I'm handling a long-running process that does a lot of copying to a memory stream so it can create an archive and upload it to azure. In excess of 2 GB in size. The process is throwing an Out Of Memory exception at some point, and I'm trying to figure out what the upper limit is to prevent that, stop the process, upload a partial archive, and pick up where it left off.
But I'm not sure how to determine how much memory the stream is actually using. Right now, I'm using MemoryStream.Length
, but I don't think that's the right approach.
So, how can I determine how much memory a MemoryStream is using in VB.Net?
In compliance with the Minimal, Reproducible Example requirements -
Sub Main(args As String())
Dim stream = New MemoryStream
stream.WriteByte(10)
'What would I need to put here to determine the size in memory of stream?
End Sub
This is a known issue with the garbage collector for .Net Framework (I've heard .Net Core may have addressed this, but I haven't done a deep dive myself to confirm it).
What happens is you have an item with an internal (growing) buffer like a string, StringBuilder, List, MemoryStream, etc. As you write to the object, the buffer fills and at some point needs to be replaced. So behind the scenes a new buffer is allocated, and data is copied from the old to the new. At this point the old buffer becomes eligible for garbage collection.
Already we see one large inefficiency: copying from the old buffer to the new can be a significant cost as the the object grows. Therefore, if you have an idea of your item's final size up front, you probably want to use a mechanism that will let you set that initial size. With a List<T>
, for example, this means using the constructor overload to include a Capacity
... if you know it. This means the object never (or rarely) has to copy the data between buffers.
But we're not done yet. When the copy operation is finished, the garbage collector WILL appropriately reclaim the memory and return it to the operating system. However, there's more involved than just memory. There's also the virtual address space for your application's process. The virtual address space formerly occupied by that memory is NOT immediately released. It can be reclaimed through a process called "compaction", but there are situations where this just... doesn't happen. Most notably, memory on the Large Object Heap (LOH) is rarely-to-never compacted. Once your item eclipses a magic 85,000 byte threshold for the LOH, you're starting to build up holes in the virtual address space. Fill these buffers enough, and the virtual address table runs out of room, resulting in (drumroll please)... an OutOfMemoryException
. This is the exception thrown, even though there may be plenty of memory available.
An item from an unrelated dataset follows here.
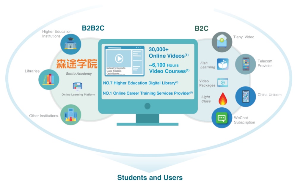 见知教育通过B2B2C模式以及B2C模式实现对教育内容服务及其他业务的展开。其中,B2B2C模式指的是为国内高校提供在线学习教育的订阅服务,然后以服务费的方式来获得收益,并且公共图书馆、视频网站等机构客户能够在不拥有版权的情况下支付一次性许可费来访问内容,并可以在本地下载和存储此类内容。而B2C模式主要透过天翼视讯平台、电信供应商及微信订阅账号向个人终端客户提供教育内容以及增值移动媒体服务。

Since most of the items that create this scenario use a doubling algorithm for the underlying buffer, it's possible to generate these exceptions without using all that much memory — just over the square root of the actual possible virtual address space, though that's worst-case and commonly you'll get somewhat higher first.
To avoid this, be careful in how you use items with buffers that grow dynamically: set the full capacity up front when you can, or stream to a more-robust backing store (like a file) when you can't.